» **WHAT THE EXERCISE ASKS**
Nothing outside the lines below from the one containing "This page presents" through the one containing "2021.06.06 주일예배/우리는 낙심하지" is to be printed; print those exactly, ends included, and drop the pictures.

» **RECORDS TO USE**
+ + + +

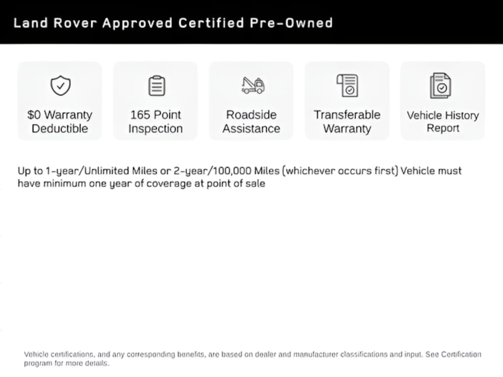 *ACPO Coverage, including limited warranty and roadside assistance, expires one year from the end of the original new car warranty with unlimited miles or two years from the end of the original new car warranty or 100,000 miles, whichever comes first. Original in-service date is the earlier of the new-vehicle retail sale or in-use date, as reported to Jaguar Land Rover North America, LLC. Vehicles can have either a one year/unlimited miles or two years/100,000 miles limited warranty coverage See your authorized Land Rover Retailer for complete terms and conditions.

+ + + +

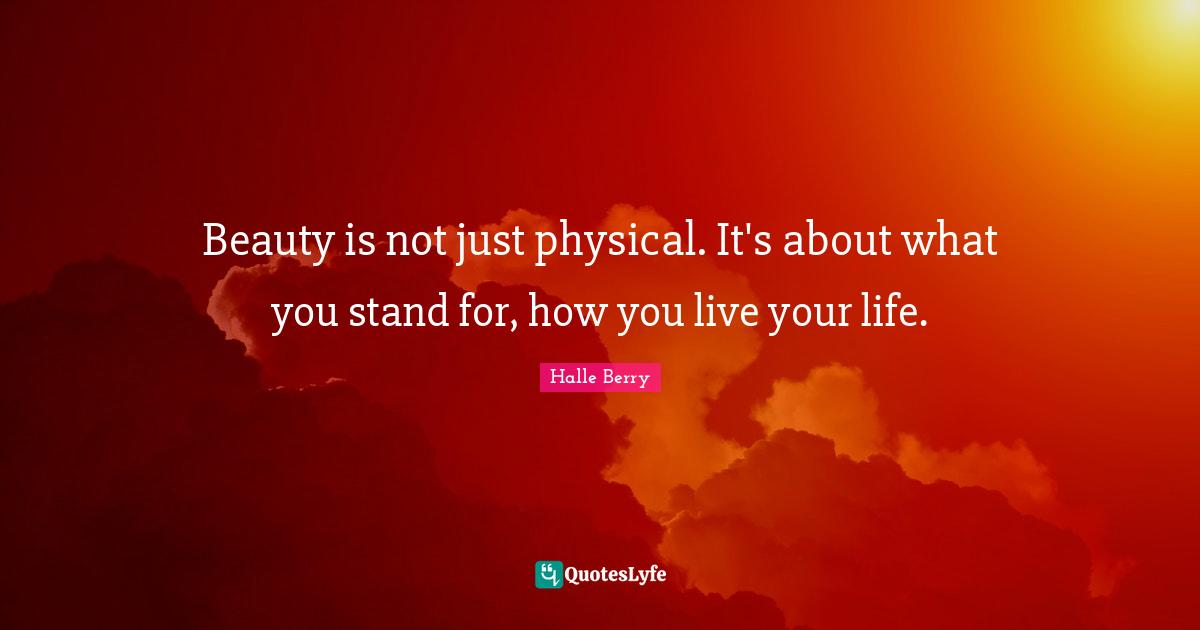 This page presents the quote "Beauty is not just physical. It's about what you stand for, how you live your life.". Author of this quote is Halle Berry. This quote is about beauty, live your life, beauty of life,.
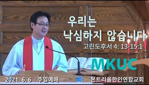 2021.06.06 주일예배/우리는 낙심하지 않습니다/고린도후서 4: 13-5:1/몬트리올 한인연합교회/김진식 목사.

+ + + +

» **RESPONSE TO THE TASK**
 This page presents the quote "Beauty is not just physical. It's about what you stand for, how you live your life.". Author of this quote is Halle Berry. This quote is about beauty, live your life, beauty of life,.
 2021.06.06 주일예배/우리는 낙심하지 않습니다/고린도후서 4: 13-5:1/몬트리올 한인연합교회/김진식 목사.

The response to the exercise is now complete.